Роже потрепал Мишеля по голове потной перчаткой, и от этого жеста шапочка сползла на глаза. Мишель сдернул ее резким движением и замахал ею над головой.
Крокодил не оглядывался. Он знал и без того, что происходит сейчас сзади: с трудом разогнувшись, Мишель тихо катится по обочине и только теперь беспрестанно рассматривает окрашенные кровью ноги. И ощущает неприятно хлюпающую в туфлях жидкость, Сзади на него накатывается амбулатория и французская «техничка» — единственная машина во всем караване, в которой до конца понимают, что происходит с этим славным французским парнем.
«Еще одна горькая байка для Цинцы. Она и так знает их тысячу. Теперь будет тысяча и одна. Ну что ж, Мишель, мы как на войне: рядом падают товарищи, и счастье, если не упал сам. Рочера сняли... Ты сошел... Не раз и я был близок к поражению.

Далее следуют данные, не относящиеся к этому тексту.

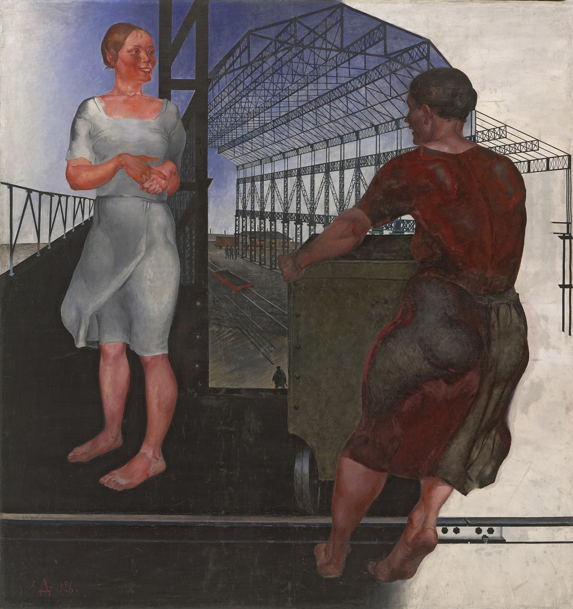 Одним из самых известных советских художников можно считать Александра Александровича Дейнеку. Зарождение его художественного пути совпало с образованием нового строя российского государства, и Дейнека, со всей страстью молодого живописца подходит к изображению своего времени. Окончив ВХУТЕМАС он был отправлен в командировку в Донецкую область, и впечатления, полученные там, послужили прекрасным базисом для его творчества. Развитие индустриальной эпохи, быт нового, советского человека, строительство гигантских промышленных заводов и шахт – всё это находит отражение в его произведениях того времени. Полотно «На стройке новых цехов» (рис.3) было создано Дейнекой в 1926-ом году22. Внимание зрителя привлечено, в первую очередь, сложным композиционным решением: на полотне художник использовал приём двух точек схода построения линейной перспективы. Такое решение словно разделяет картину на два противоположных образа. Девушка, изображенная в левой части картины, воздушная, легкая, исполненная в светлых тонах, словно противопоставлена левой части картины, на которой, изображенная в тёмном, бардовом платье, женщина с силой тянет на себя тяжелую тележку. Художник уделяет пристальное внимание передаче силы и мощи человека, образы скульптурны, и, даже, несколько напоминают образы мастеров Возрождения. Дейнека в своей картине воспевает физическую силу человека, женщина справа – это в первую очередь движение, её мышцы чрезвычайно напряжены, показано невероятное усилие, которое ей требуется для того, чтобы тянуть тяжелую тележку. Художник использует интересный приём: он оставляет правый нижний угол картины не закрашенным, тем самым, создавая визуальный эффект реалистичности происходящего, словно женщина вот-вот выкатит тележку на зрителя.
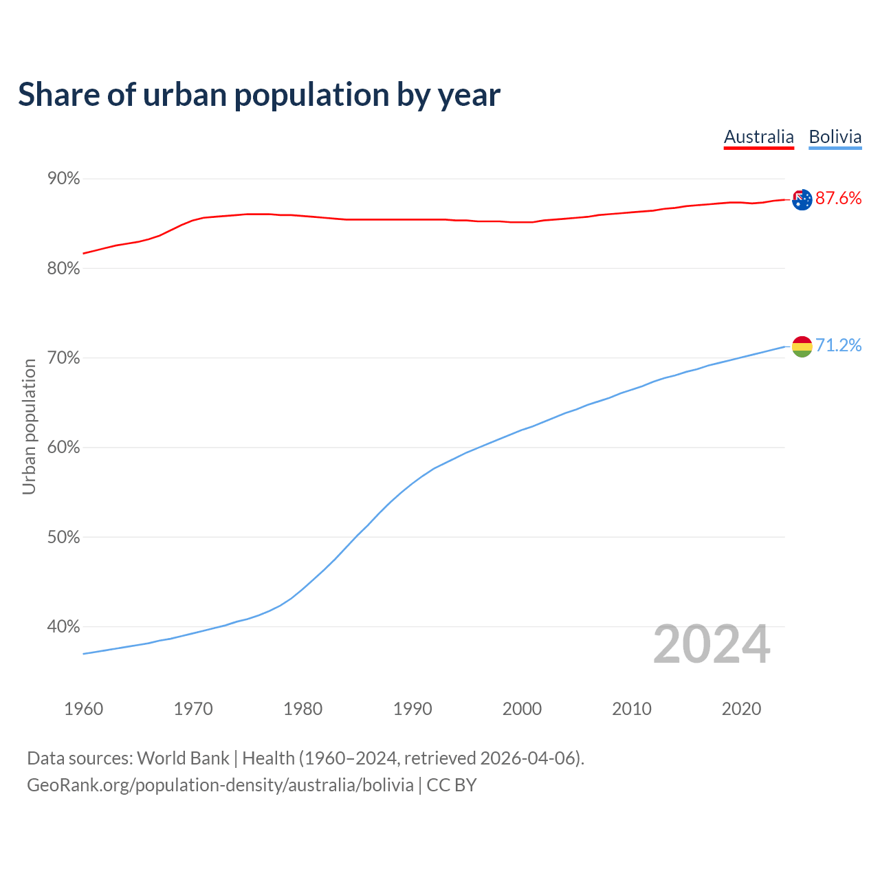 From 2004 to 2024, the share of urban population changed from 85.5% to 87.6% in Australia and from 63.8% to 71.2% in Bolivia.

Та чудовищная испанская гонка в крутолобых и жарких Пиренеях... На меня обрушилась лавина неприятностей. На первом этапе засиделся на финише, на втором — прокололся, на следующем — попал в завал, на четвертом — в еще более серьезный завал и поранил колено, на пятом и шестом — прокалывался, на десятом тоже, и, наконец, на последнем этапе отказал переключатель, и я тридцать миль шел по горам почти на одной передаче. В той гонке у меня было проблем едва ли не больше, чем за всю мою предыдущую жизнь профессионального гонщика. Между прочим, на финише оказался тринадцатым!.. Странное дело, — подумал вдруг Роже. — Все люди как люди. Вспоминают обычно о победах, а мне почему-то в голову лезут воспоминания о неудачах. Это, может, и поучительнее, но куда неприятнее...» Роже выбрался в головку «поезда» одновременно с догнавшей «техничкой».
— Мишеля отправили в госпиталь! — встревоженно прокричал Оскар. — Он потерял слишком много крови... Слишком много!.. Я говорил: не надо было стартовать!
— Мишель держался молодцом, — ответил Роже. — Никому не хочется упускать даже единственный шанс. Сам знаешь.
— Как будете без Мишеля?
— Думаю, Эдмонд и Гастон — достаточная поддержка.
— Не рвись сегодня. Поберегись!..
«Где уж рваться! Только на первой половине этапа казалось, что сегодня катиться легко. Старт всегда легкий, а финиш тяжелее танталовых мук. Да еще эта велосипедистка душу помотала». Роже с гадливостью вспомнил о своих вчерашних похождениях.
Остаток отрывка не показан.